The Rube-ish Square is defined as a three by three grid containing the numbers one to nine. Each row and column can be rotated left or right and up or down respectively with the number being pushed out of the grid returning on the opposite side, as illustrated in figure 1.
The joy of group ... theory
In order to understand the properties of this puzzle we must determine what kind of group it represents, and in order to do that we must first understand what a group actually is.
A group is defined by a set of elements and an associative (i.e. independent of the order of application) binary operator (usually denoted by ) that uniquely maps a pair of elements from the set onto a third, also from the set. Furthermore, there must be a unique identity element, i, that when combined via the operator with any other element of the set results in that element. Finally, for each element of the set, x, there must be a unique inverse element, denoted x-1, such that when they are both combined, the identity element results. Formally, for a group G this can be expressed as:
|Closed:||∀a, b ∈ G ⇒ a ◦ b ∈ G|
|Associative:||∀a, b, c ∈ G ⇒ a ◦ (b ◦ c) = (a ◦ b) ◦ c|
|Identity:||∃i ∈ G such that ∀a ∈ G a ◦ i = i ◦ a = a|
|Inverse:||∀ a ∈ G ⇒ ∃a-1 ∈ G such that a ◦ a-1 = a-1 ◦ a = i|
Now, I understand that this definition is rather loaded with mathematical jargon. To clarify, the upside down A means for all, the backwards E means there exists and the rounded E means within.
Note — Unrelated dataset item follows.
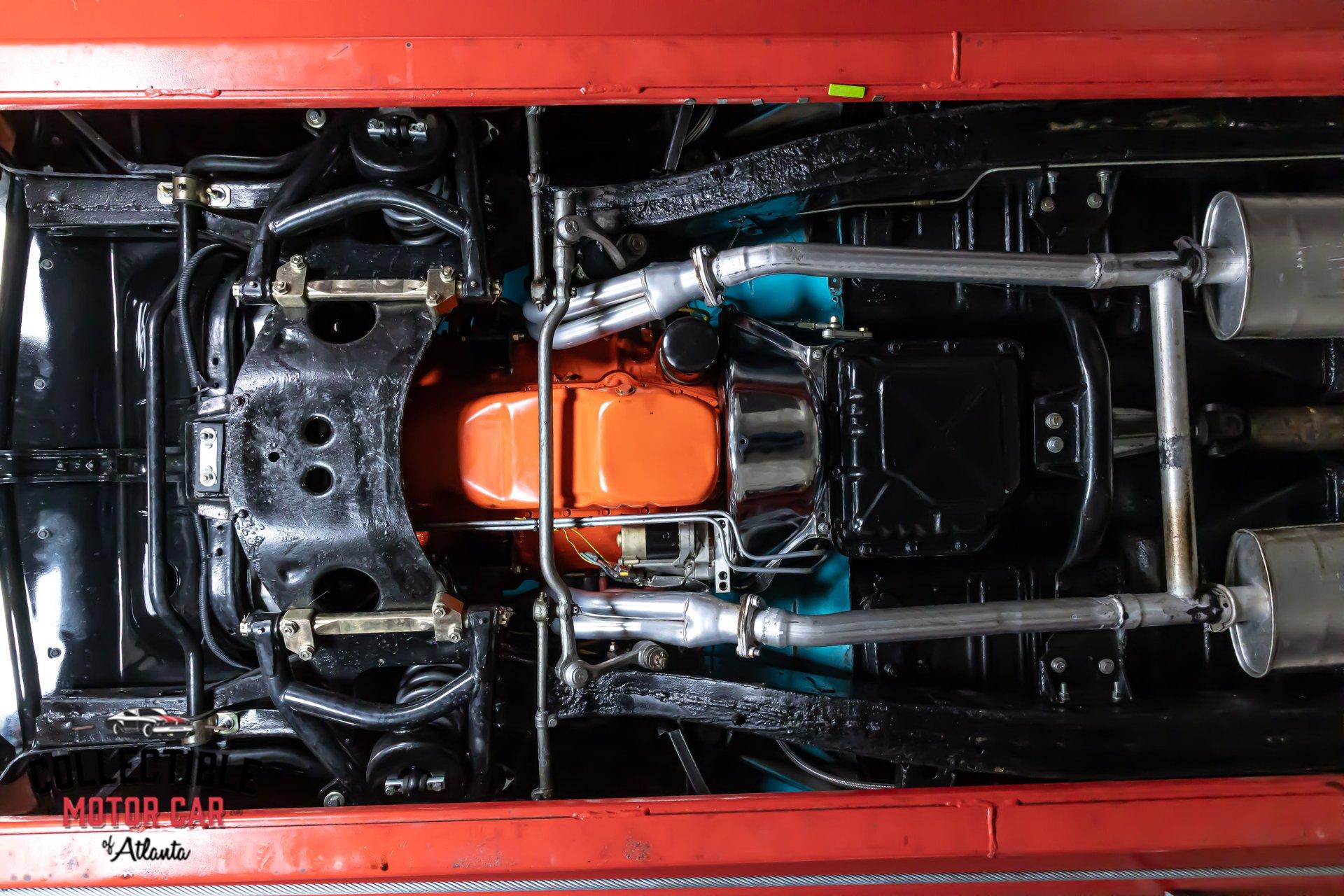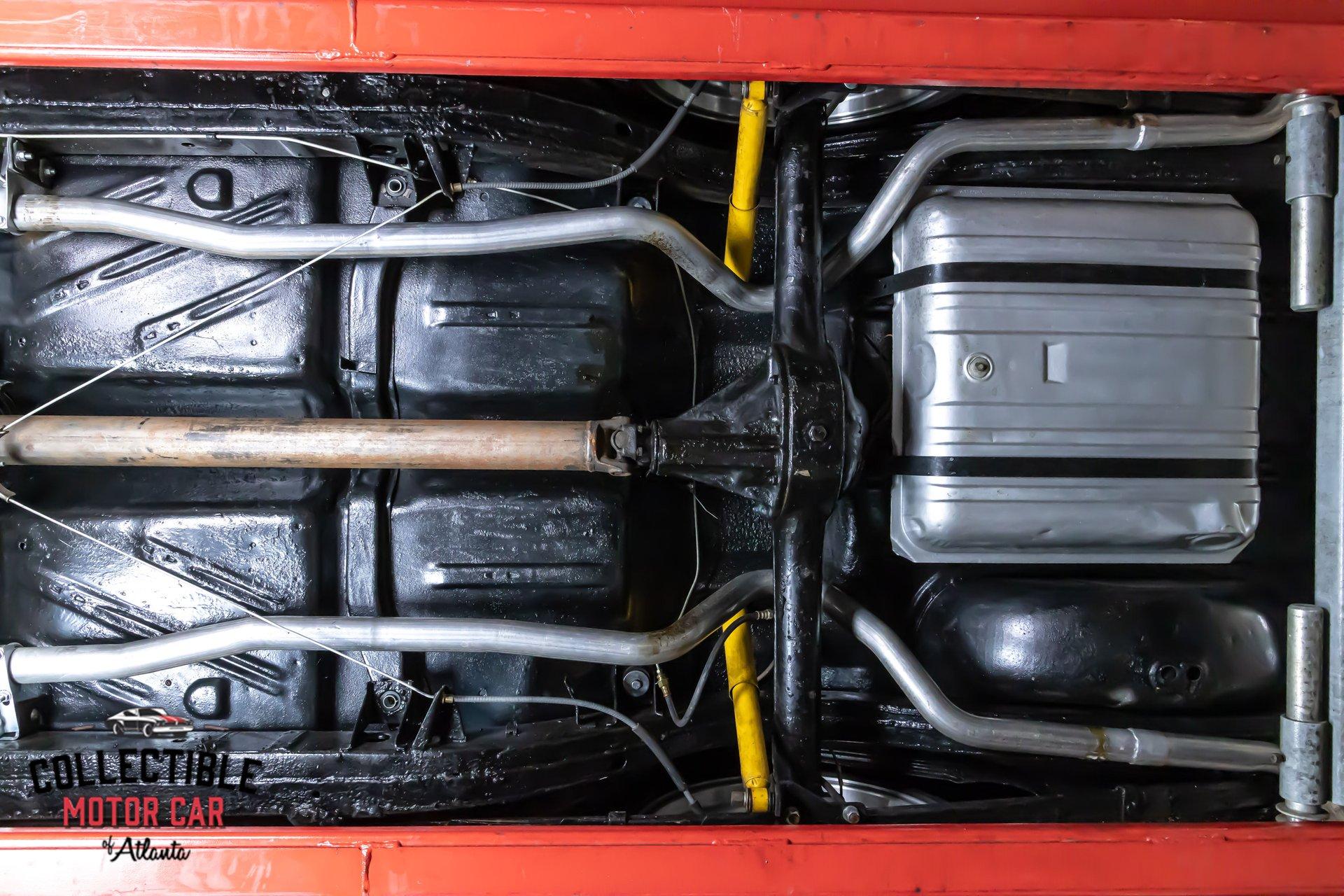 Underneath, this Bel Air shows signs of thoughtful upgrading where it counts. The front suspension appears to have been modernized with tubular control arms and coilover-style components, helping improve stance, handling, and road feel over a stock setup. Front disc brakes add confidence behind the wheel, and the dual exhaust gives the car the right tone without taking away from its refined cruiser personality. Altogether, it is a classic Chevy that looks right, sits right, and drives like a car built to be enjoyed.

Translating, these rules mean that for a group G:
|Closed:||For all a and b within G, a ◦ b is within G|
|Associative:||For all a, b and c within G, a ◦ (b ◦ c) = (a ◦ b) ◦ c|
|Identity:||There exists a unique element i within G such that for all a within G, a ◦ i = i ◦ a = a|
|Inverse:||For all a within G, there exists a unique element a-1 within G such that a ◦ a-1 = a-1 ◦ a = i|
I suspect that this may not have entirely cleared up matters, so let's look at a specific example; modular arithmetic. Modular arithmetic, otherwise known as clock arithmetic, is defined as the addition of non-negative integers less than a given upper bound with the rule that when a result is equal to or greater than the upper bound, the upper bound is subtracted from it to return it to a number less than the upper bound.
Specifically, if we have an upper bound of n and a and b both less than n (and hence members of our group):
|If||a + b < n||then||a ◦ b = a + b|
|Else||a ◦ b = a + b - n|
This rule ensures that the result of the addition must be greater than or equal to zero and less than n and hence within the group. Since addition is associative, our operator must also be associative. The number zero acts as the identity and for any integer a less than n, the number n - a acts as the inverse, yielding the identity after addition under this rule.
If we choose n to be twelve, we can see why this is also known as clock arithmetic. Working with hours on a twelve hour clock and counting from the previous twelve o'clock we have, for example:
|Closed:||5 hours + 9 hours = 2 hours|
|Associative:||5 hours + (6 hours + 3 hours) = 2 hours|
= (5 hours + 6 hours) + 3 hours
|Identity:||5 hours + 0 hours = 5 hours|
|Inverse:||5 hours + 7 hours = 0 hours|
Whilst it is clear that clock arithmetic follows the rules required for a group, it is perhaps not so obvious what this has to do with the mathematics of symmetry that I asserted was at the heart of group theory.
The symmetry of clock arithmetic reveals itself if we connect the numerals with straight lines to form a regular twelve sided polygon. Now, instead of moving the hour hand by a given number of hours, we keep it pointing up and rotate the clock beneath it, as illustrated in figure 2.
Each rotation yields an identical, albeit relabelled, polygon, showing that the clock arithmetic captures the rotational symmetry of the dodecagon.
So, now that we have described what groups are, let's take a look at some of their properties.
Firstly, we shall show that my requirement that the identity be unique was superfluous. To see why, let's assume that there are two identities for a given group, i and i´. Consider:
i´ ◦ i
Now, by the rule for identities, this implies both:
i´ ◦ a = a ⇒ i´ ◦ i = i
a ◦ i = a ⇒ i´ ◦ i = i´
i´ = i
So the rule describing identities ensures that they must be unique for any given group.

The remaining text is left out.